CodeX: The Stanford Center for Legal Informatics is a research center at Stanford University focused on the application of technology to law, and is jointly operated by Stanford Law School and Stanford University School of Engineering.  It is also informally known as "The Stanford CodeX Center" or simply "CodeX."

The center was one of the first interdisciplinary university research centers in the United States jointly operated by a computer science department and law school that is focused on using technology to improve the legal system.   The center is known for its research on Computational Law, Computable Contracts, the application of artificial intelligence to law, and other legal-technology innovations.   It holds a yearly academic conference entitled "Futurelaw."

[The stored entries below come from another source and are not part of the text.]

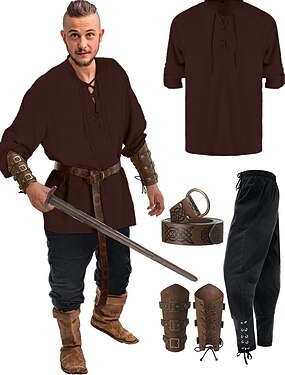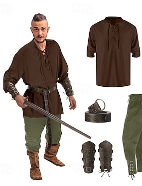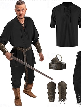 Punk e gótico Medieval Renascentista Roupa Guerreiro Fantasia Homens Mulheres Unisexo Celta Viking Fantasia Dia Das Bruxas Carnaval Baile de Máscaras Espetáculo LARP Ren Faire Adulto Mais Acessórios
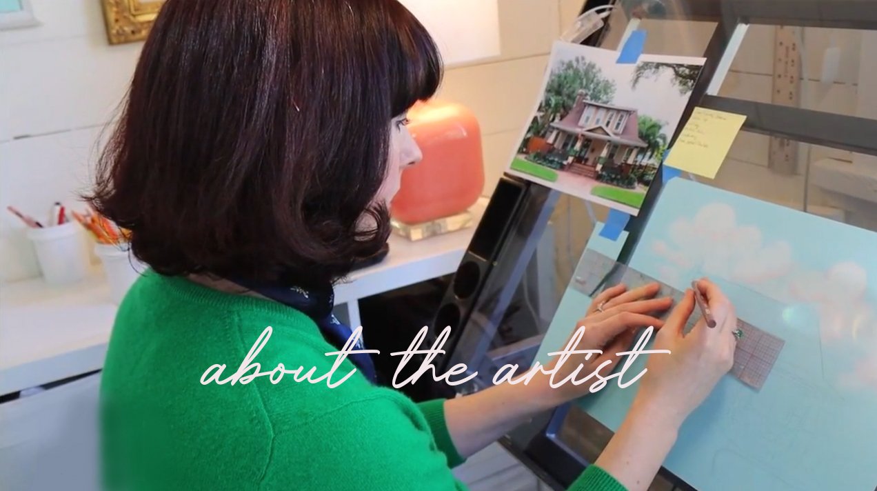 Rebekah Eugenia Lazaridis is a multidisciplinary artist behind @homeillustrations where she creates customized home portraits with a nostalgic flair. She graduated with a BFA from The School of The Art Institute of Chicago in 2005. Rebekah worked for many years in Florida as a professional scenic artist for theatre and as an apprentice in New York City with USA829, painting in teams for Broadway, live television and large films. Her first NYC solo exhibit, Broken Legs, opened at The Sheen Center in NoHo in 2015.
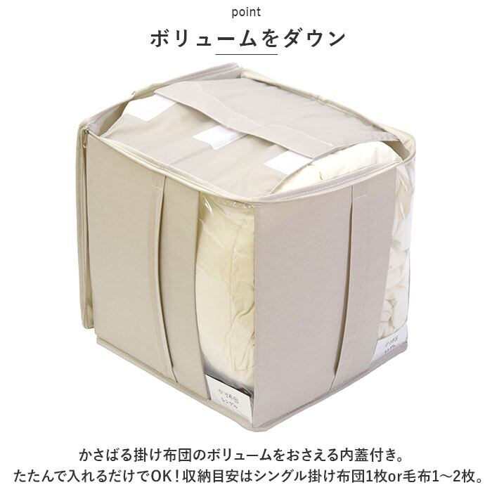 ・かさばる掛け布団のボリュームをおさえる内蓋付き。たたんで入れるだけでOK!収納目安はシングル掛け布団1枚or毛布1~2枚。
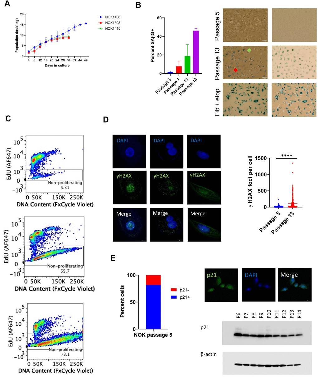 Flow cytometry for incorporation of the thymidine analog 5-ethynyl-2 deoxyuridine (EdU) into nuclear DNA, a measure of cell proliferation, revealed a decline in cells staining positive over time. All three donors showed a balance of proliferating and non-proliferating cells at passage 10 (Figure 1C and Supplementary Figure 1A). Analysis of DNA content showed a loss by senescent NOKs of a distinct cell population with the normal diploid content that was seen with proliferating cells (Figure 1C and Supplementary Figure 1A). This suggests that a portion of NOKs were arrested in a multinucleate state and/or experienced nuclear blebbing of chromatin fragments into the cytoplasm, both of which are features of senescence [15]. Staining for phosphorylated histone H2AX (γH2AX) showed such multinucleate cells and both nuclear and cytoplasmic γH2AX at passage 13 (Figure 1D and Supplementary Figure 1B). Quantification of combined nuclear and cytoplasmic γH2AX foci demonstrated a significant increase in unrepaired DNA double-strand breaks (DSBs) accompanying senescence (Figure 1D).

The Stanford CodeX center is not to be confused with the Stanford Center for Internet and Society ("CIS").  The CIS is primarily focused on technology policy, whereas the CodeX center primarily focused upon researching and building legal technology.

Mission  
CodeX's mission is to employ a multidisciplinary approach to addressing problems in the law by applying computer science technologies, methods, and theories to legal problems.

Stanford University
Computer law organizations

History 
The center was founded in 2006 by Professor Michael Genesereth, Dr. Roland Vogl, Professor Harry Surden and Attorney Joshua Walker, at Stanford University.  

The Codex Center was originally called "Codex: The Stanford Center for Computers and the Law" and was renamed to "Codex: The Stanford Center for Legal Informatics" in 2016.